Whole Wheat Shortbread

I set out to make Ina Garten’s shortbread but had no white flour.  
So I substituted whole wheat flour.  To compensate for the heavier 
flour I double sifted it and changed it from 3 1/2 cups to 3 1/4 cups.  
It was still quite heavy and dense so I added a splash of lowfat milk 
and then everything came together nicely.  It took the whole 25 
minutes to cook them and they turned out  scumptiously well.  
Here’s the recipe - my changes are in italics.

Whole Wheat Shortbread Cookies (adapted from Ina Garten’s recipe)

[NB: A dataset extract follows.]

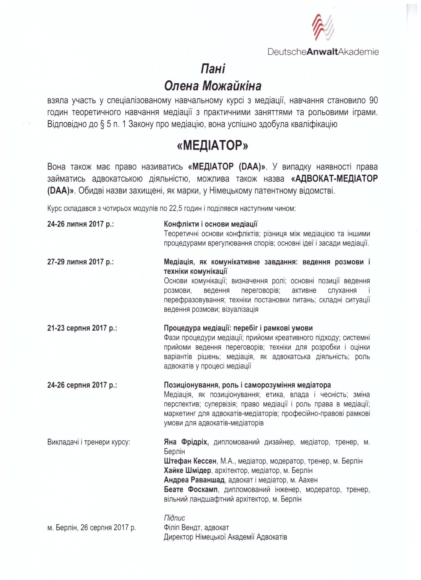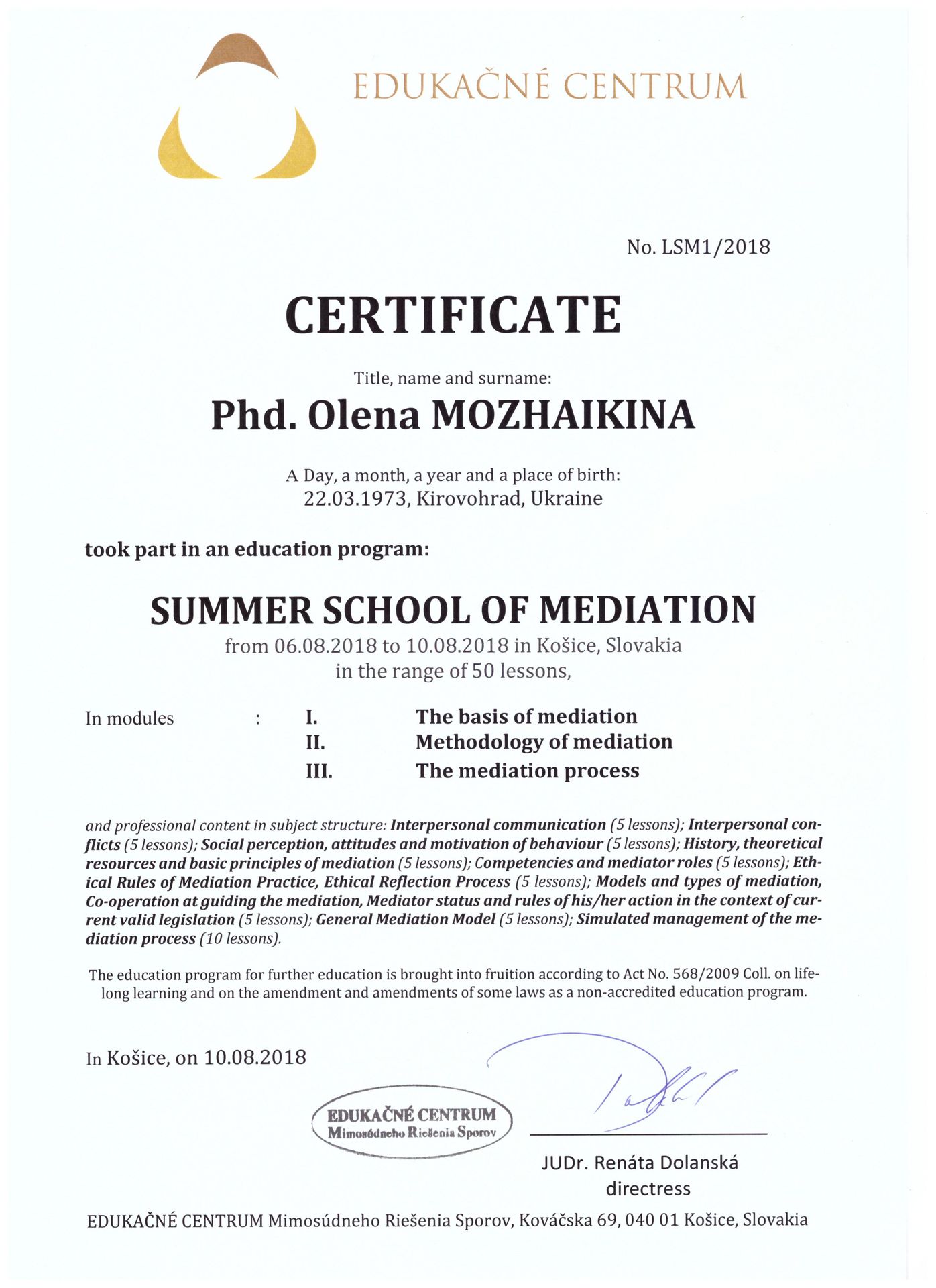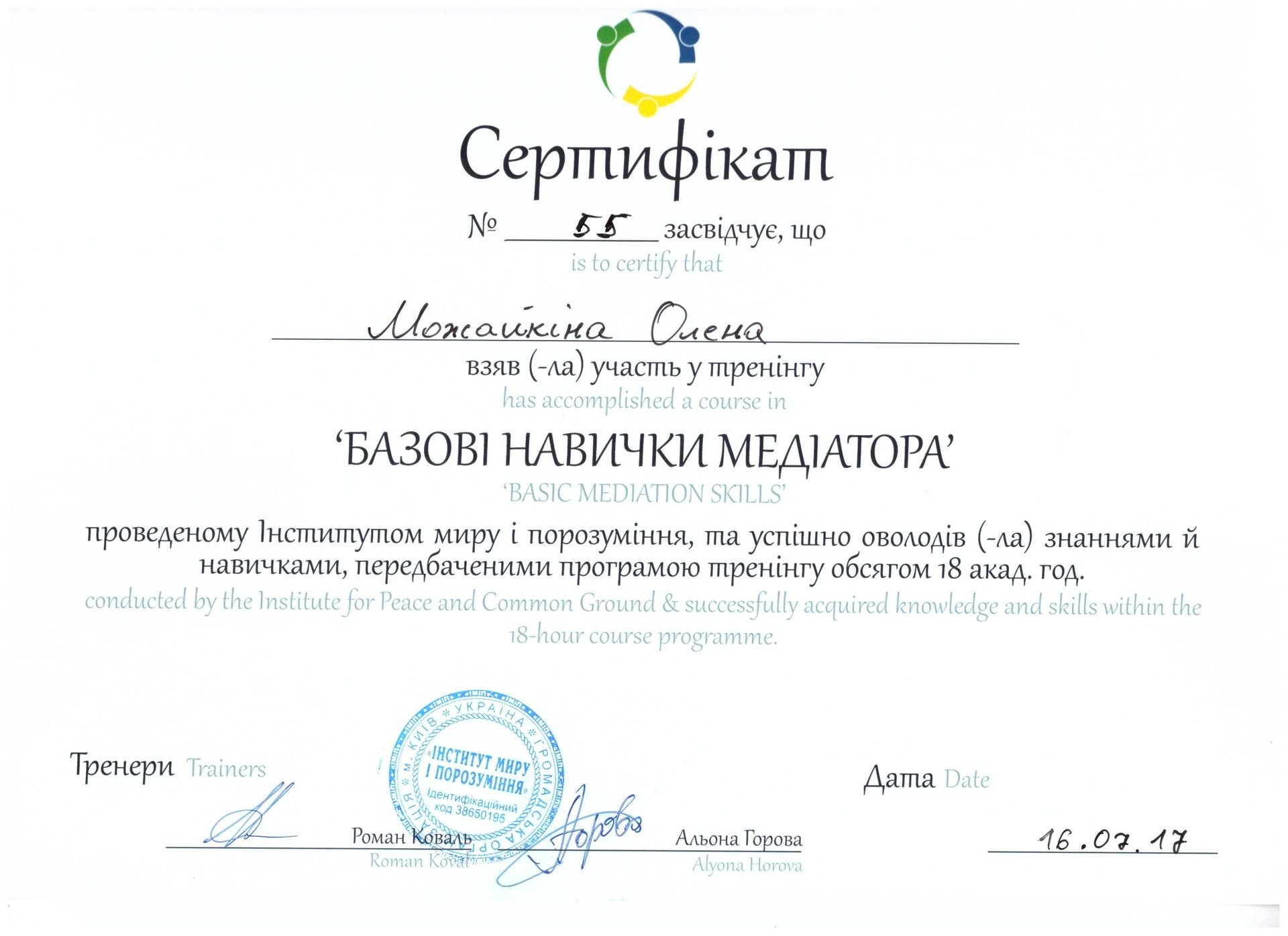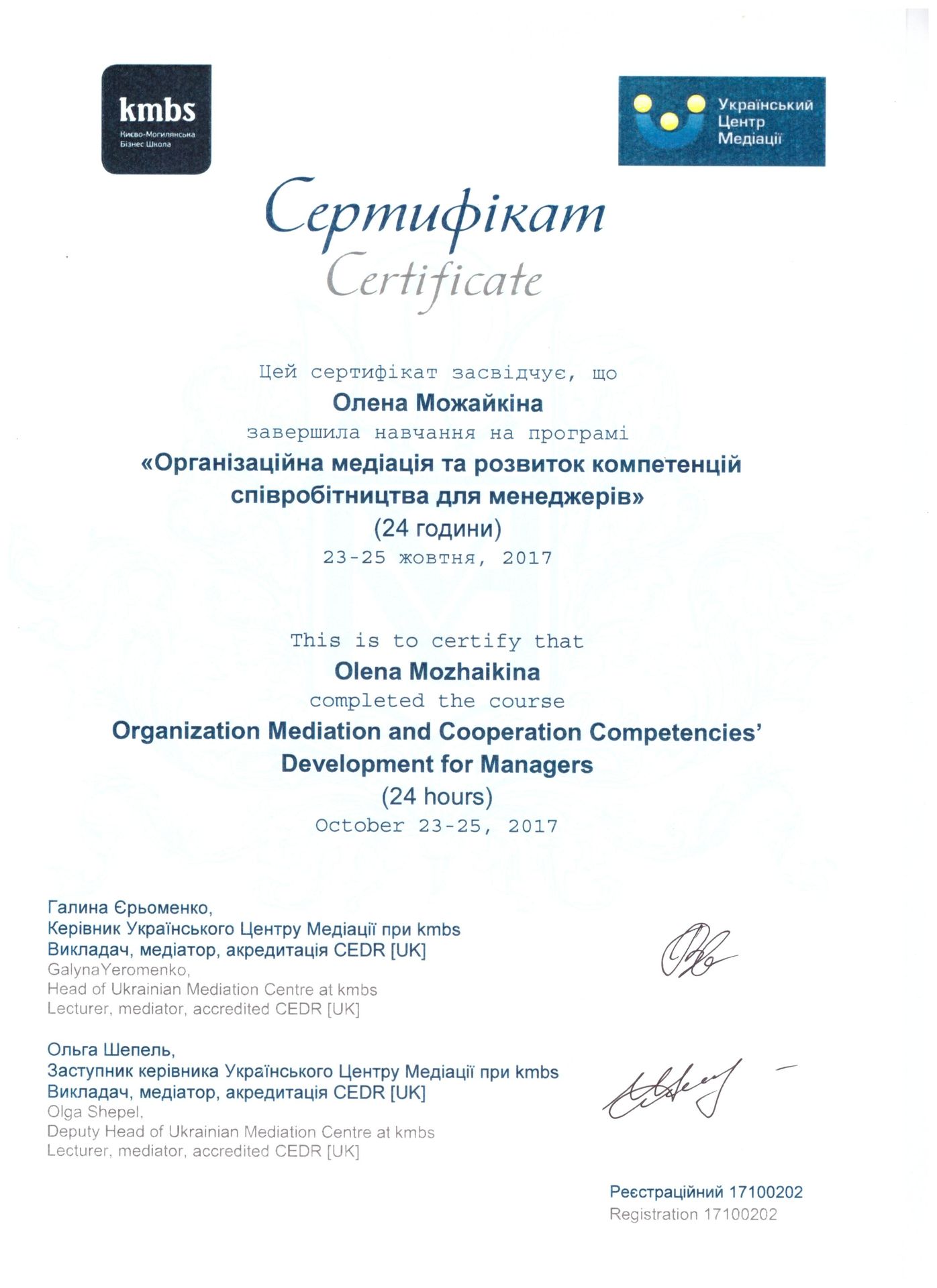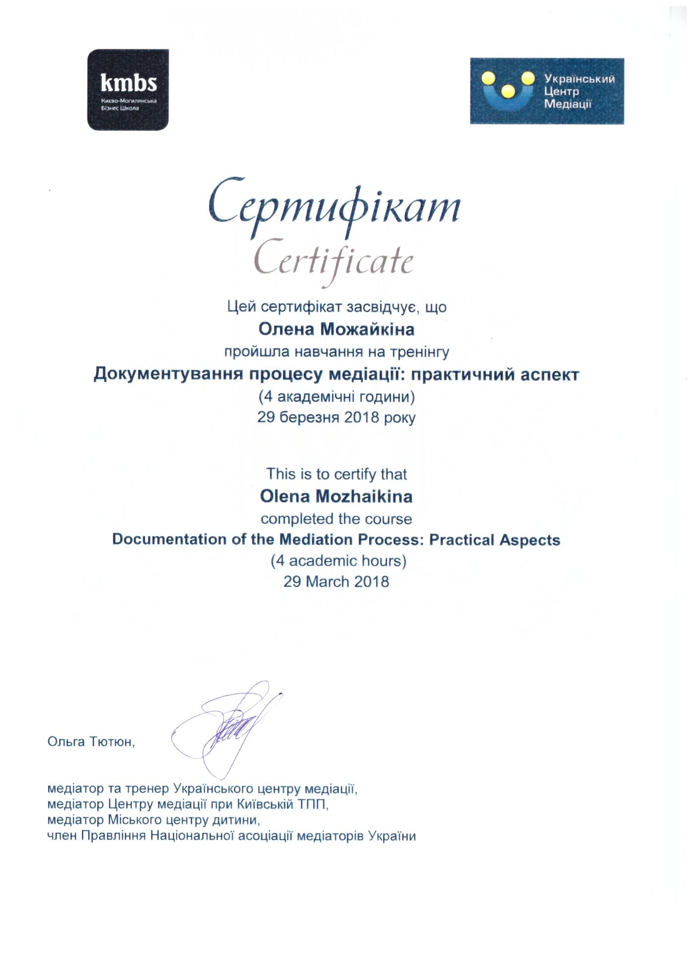 Можайкіна Олена Станіславівна, юрист, кандидат психологічних наук (спеціальність «Юридична психологія»), доцент кафедри міжнародного приватного, комерційного та цивільного права Київського національного торговельно-економічного університету, сертифікований медіатор, член Національної асоціації медіаторів України, член Всеукраїнської громадської організації "Асоціація правників України". Автор понад 60 наукових та навчальних праць з господарського та трудового права, кримінології, юридичної психології та медіації. Приймає участь у Всеукраїнських та Міжнародних наукових і практичних конференціях з метою популяризації та впровадження медіації в Україні. Спеціалізація: спадкові, корпоративні, трудові, комерційні, сімейні конфлікти; конфлікти в освітній сфері. Допомога в оцінюванні конфлікту, розмежуванні розбіжностей інтересів сторін, вирішенні суперечностей, пошуку взаємовигідних рішень. Медіація допомагає зберегти фінансові, часові, емоційні ресурси та налагодити міжособистісні відносини. Вступ до НАМУ зумовлений бажанням популяризувати медіацію в Україні; створювати освітні осередки та проекти з медіації; сприяти правовому регулюванню медіації в Україні.

3/4 pound unsalted butter, at room temperature (3 sticks)
1 cup sugar, plus extra for sprinkling (I used colored sugar for the top)
1 teaspoon pure vanilla extract
3 1/4 cups whole wheat flour, double sifted
1/4 teaspoon salt
1/4 cup milk

1. Preheat the oven to 350 degrees F.

2. In the bowl of an electric mixer fitted with a paddle attachment, 
or use a regular hand mixer, mix together the butter and 1 cup of sugar 
until they are just combined. Add the vanilla.

3. In a medium bowl, sift together the flour and salt, then add them 
to the butter-and-sugar mixture.

4. Mix on low speed until the dough starts to come together.

5. Dump onto a surface dusted with flour and shape into a flat disk. 
Wrap in plastic and chill for 30 minutes. Roll the dough 1/2-inch thick and 
cut with a 3 by 1-inch finger-shaped cutter. Place the cookies on an un-
greased baking sheet and sprinkle with sugar. Alternately, roll the dough 
into a long, 2-inch cylinder before refrigerating. Once chilled, slice the 
cylinder into 1/4-inch circles. Place the cookies on an ungreased baking 
sheet and sprinkle with sugar.

6. Bake for 20 to 25 minutes, until the edges begin to brown. Allow 
to cool to room temperature. Makes 20-30 cookies.